During the May 22 informational meeting about the construction that’s about to begin on East Nizhoni Boulevard, a few people objected to the design plan for the new road, which will see Nizhoni Boulevard between  Second Street and College Drive reconfigured from a four-lane road with two lanes in each direction into a three-lane road with one travel lane in each direction and a bidirectional center lane for left turns. Bike lanes will be added along the right side of the road in both directions.

The project is the third phase of a plan to upgrade Nizhoni Boulevard. Phase 1 included the intersection of  Second Street and Nizhoni Boulevard; Phase 2 worked on the intersection of College Drive and Nizhoni Boulevard; Phase 3 will replace the road between them.

By the time the project is finished, the existing sidewalks will be replaced with ADA-compliant six-foot-wide sidewalks, plus new drivepads, curbs, gutters and sections of block wall. The utilities underneath will get upgraded to eight-inch PVC water and sewer lines and 12-inch PVC effluent lines.

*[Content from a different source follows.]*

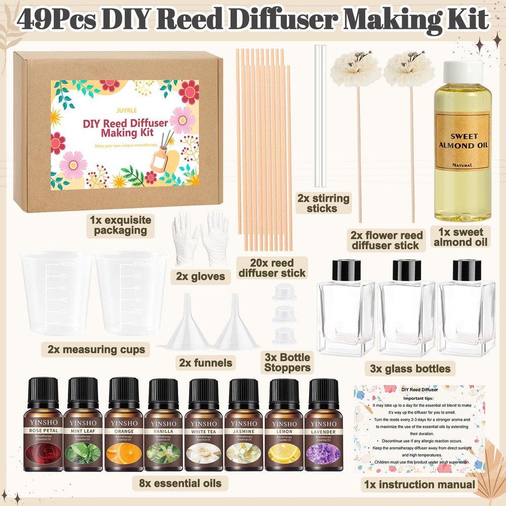 DIY Reed Diffuser Making Kit- Reed Diffuser Making Set with Essential Oils, Flower Reed Diffuser Sticks, 50ml Empty Diffuser Bottle, Home Fragrance Reed Diffuser Gift for Men & Women Craft Your Signature Reed Diffuser: Make your own luxurious diffusers for home! The fragrance diffuser set includes: 1x sweet almond oil, 8x essential oils, 3x glass bottles, 20x reed diffuser sticks, 2x floral reed diffuser sticks, 2x funnels, 2x measuring cups, 2x stirring sticks, 2x gloves, 1x instruction manual and 1x exquisite packaging. Discover the joy of creating personalized scents that reflect your unique style - a truly rewarding creative experience. The Art of Diffuser Scentmaking: Enjoy our essential oils that delicately scent your space for 4-6 weeks. Mix and match our collection of 8 essential oils for diffusers for home to create your perfect aroma: Top Notes: Orange, Lemon, Lavender. Middle Notes: Jasmine, White Tea, Rose. Base Notes: Peppermint, Vanilla. Aroma diffuser isn't just a craft project - home fragrance products is a sensory journey of self-expression and artistic creation. Premium Glass Bottles & Adjustable Scent: 1.7 oz clear glass diffuser bottle crafted with premium-quality glass and durable components, featuring a minimalist design perfect for home use. Reed diffuser set easily customize your fragrance intensity by adding or removing diffuser sticks. For best results, flip the reeds 2-3 times weekly to refresh the scent distribution. Scent Every Space: Dream of a home filled with perfect home fragrance products? DIY diffuser making kit system enhances every environment: bathroom decor, bookshelf decor, hotel collection diffuser, bathroom shelf decor, entryway table decor, room diffuser, bedroom decor, home scent, living rooms, offices. Transform your space into a fresh, peaceful retreat with our long-lasting, mood-boosting fragrances. Best Girls Gift: When you are worried about what gift to give, our DIY reed diffuser set can always impress people. Our indoor fragrance set uses elegant packaging, which is perfect for creating atmosphere on important occasions and festivals. It can be used as a female gift, a teenage girl gift, a perfect gift for mom, Mother's Day gift, Christmas gift, birthday gift, Valentine's Day anniversary gift for women, adults, friends or yourself.

The work will necessitate closing the northbound lanes for the first half of the project, when utility work will be done deep underground before surface improvements, and the southbound lanes for the second half. That takes two of the current four lanes out of service and pushes traffic into the remaining two lanes. Crews are set to begin setting up traffic controls May 30.

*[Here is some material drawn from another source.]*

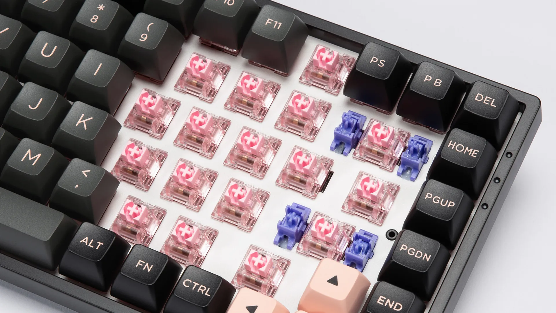 Специальные сокеты позволяют менять переключатели без паяльника. Для этой клавиатуры подходят стандартные Cherry-подобные переключатели.

The city council awarded the nearly $6 million Nizhoni construction contract to Murphy Builders at its March 14 meeting. The job is expected to take 240 calendar days, so it should wrap up next January, unless weather conditions prolong it.

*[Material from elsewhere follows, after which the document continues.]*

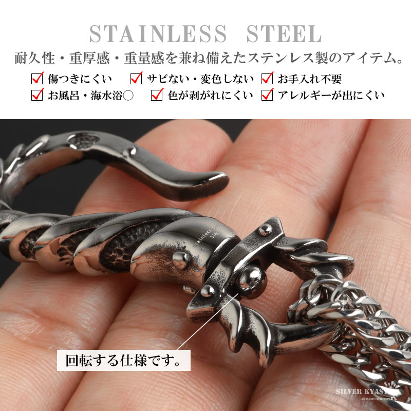 頑丈でお手入れも簡単なステンレス製アクセサリー。変色、錆びることもなくサッと拭くだけメンテもかんたん。金属アレルギーが出にくいのもポイントです。

DePauli Engineering representative Matt Long sought to ease meeting attendees’ concerns about the inevitable inconvenience of construction and reduced speeds during construction.

“If there is an issue, come talk with us, if there is a truck in the way or whatever,” Long said.

Long noted that the safety of the workers and the public is the construction company’s top concern.

Some participants were concerned about the safety of the new design, especially in regards to emergency vehicles around Rehoboth McKinley Christian Hospital and Gallup Indian Medical Center. The road is also a main route to the University of New Mexico-Gallup, the cancer center and many clinics and doctors’ offices.

Engineers assured those in attendance that safety is the primary goal of the project, and plans are in place for emergency vehicles and other traffic issues during construction.

Several people expressed dismay that their comments at the May 22 meeting wouldn’t influence the project. For example, some questioned the wisdom of adding bike lanes, which are included in response to both community preference and a recent state rule to expand bicycle access statewide.

The project is in District 3, City Councilor Sarah Piano’s district. She attended the meeting to remain informed about the project. She noted that some of her constituents questioned the value of the meeting.

“People ask, ‘what is the point of going to this meeting if we don’t have any input?’” Piano said. “It’s important for the public to understand this is not a simple project.”

The time to make preferences known for this project passed years ago. It takes years to take a major road project from an idea to reality. The planning stage typically takes more than a year, then local representatives have to get funding. Design and construction may take another year or two, depending on the project.

That means whatever the public says today won’t show up as part of a road project for five years or more. When construction is about to start, it’s too late for their comments to change anything.

In the last three months, the New Mexico Department of Transportation and the city have held public hearings for the planning stages of the state’s Route 66 Improved and I-40 Corridor Study, both addressing those roads from the Arizona state line to Albuquerque, and the city’s Transportation Master Plan, which covers all Gallup streets under city control. Those hearings drew just 35 to 50 citizen participants each.  All three projects will have another hearing in the fall.